» **Data in this exercise**
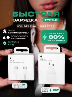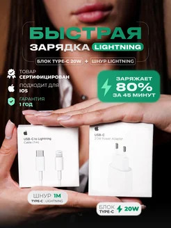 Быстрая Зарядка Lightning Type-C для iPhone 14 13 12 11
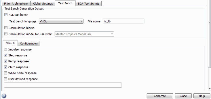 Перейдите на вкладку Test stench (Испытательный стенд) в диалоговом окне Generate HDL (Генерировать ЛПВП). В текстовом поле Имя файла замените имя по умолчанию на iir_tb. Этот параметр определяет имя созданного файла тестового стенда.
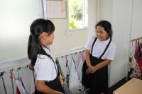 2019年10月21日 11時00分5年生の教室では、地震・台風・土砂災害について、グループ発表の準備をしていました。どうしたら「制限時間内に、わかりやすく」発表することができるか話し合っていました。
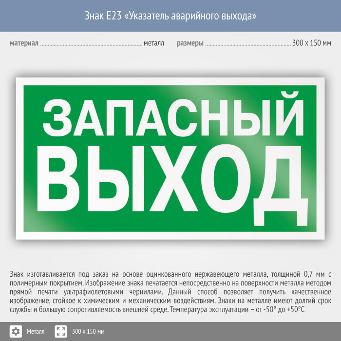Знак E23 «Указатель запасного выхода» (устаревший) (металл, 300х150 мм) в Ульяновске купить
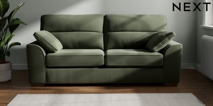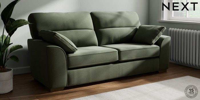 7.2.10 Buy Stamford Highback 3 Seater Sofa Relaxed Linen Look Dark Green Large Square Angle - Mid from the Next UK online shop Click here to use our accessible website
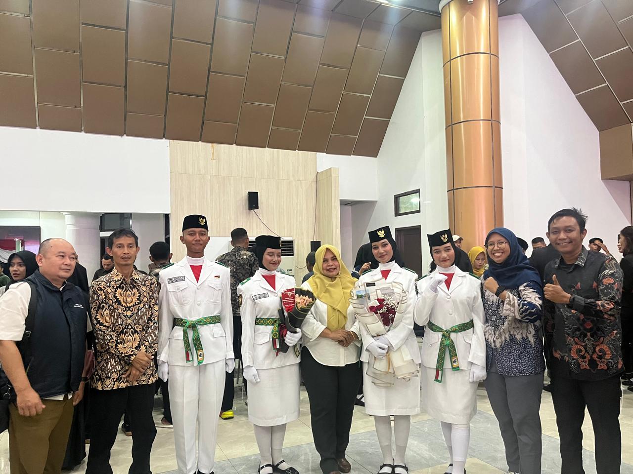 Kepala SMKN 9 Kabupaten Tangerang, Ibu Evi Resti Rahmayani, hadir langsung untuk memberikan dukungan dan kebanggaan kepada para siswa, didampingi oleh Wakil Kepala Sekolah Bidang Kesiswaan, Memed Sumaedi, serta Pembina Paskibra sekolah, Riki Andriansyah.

--

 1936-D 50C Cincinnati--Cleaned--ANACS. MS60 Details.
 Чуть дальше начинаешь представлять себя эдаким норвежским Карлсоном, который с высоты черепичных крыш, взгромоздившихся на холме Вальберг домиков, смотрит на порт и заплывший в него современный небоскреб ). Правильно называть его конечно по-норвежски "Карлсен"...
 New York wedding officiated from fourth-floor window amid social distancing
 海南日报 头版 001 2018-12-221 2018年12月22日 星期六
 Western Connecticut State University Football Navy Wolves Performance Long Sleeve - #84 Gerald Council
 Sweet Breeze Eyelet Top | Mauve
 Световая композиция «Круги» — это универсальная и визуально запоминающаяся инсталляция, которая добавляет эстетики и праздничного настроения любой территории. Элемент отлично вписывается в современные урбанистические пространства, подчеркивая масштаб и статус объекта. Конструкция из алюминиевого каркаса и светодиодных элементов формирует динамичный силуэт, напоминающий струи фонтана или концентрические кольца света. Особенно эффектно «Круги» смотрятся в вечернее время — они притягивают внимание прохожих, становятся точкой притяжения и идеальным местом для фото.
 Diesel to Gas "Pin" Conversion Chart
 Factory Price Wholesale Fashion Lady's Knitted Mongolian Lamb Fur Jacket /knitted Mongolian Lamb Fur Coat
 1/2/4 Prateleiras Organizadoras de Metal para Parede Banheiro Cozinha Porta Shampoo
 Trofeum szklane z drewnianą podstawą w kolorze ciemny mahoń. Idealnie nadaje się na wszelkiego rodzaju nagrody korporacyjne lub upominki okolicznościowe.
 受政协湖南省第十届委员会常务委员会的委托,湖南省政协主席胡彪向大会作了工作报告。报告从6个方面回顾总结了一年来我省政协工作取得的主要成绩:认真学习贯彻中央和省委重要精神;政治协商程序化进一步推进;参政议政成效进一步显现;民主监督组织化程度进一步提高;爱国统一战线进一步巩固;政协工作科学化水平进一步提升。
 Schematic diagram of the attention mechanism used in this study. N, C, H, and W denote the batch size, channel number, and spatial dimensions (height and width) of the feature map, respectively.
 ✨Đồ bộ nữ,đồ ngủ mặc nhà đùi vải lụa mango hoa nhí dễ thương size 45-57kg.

» **Work to complete**
All that is needed is the number of lines above in which the string "size" appears.

» **Response to the exercise**
2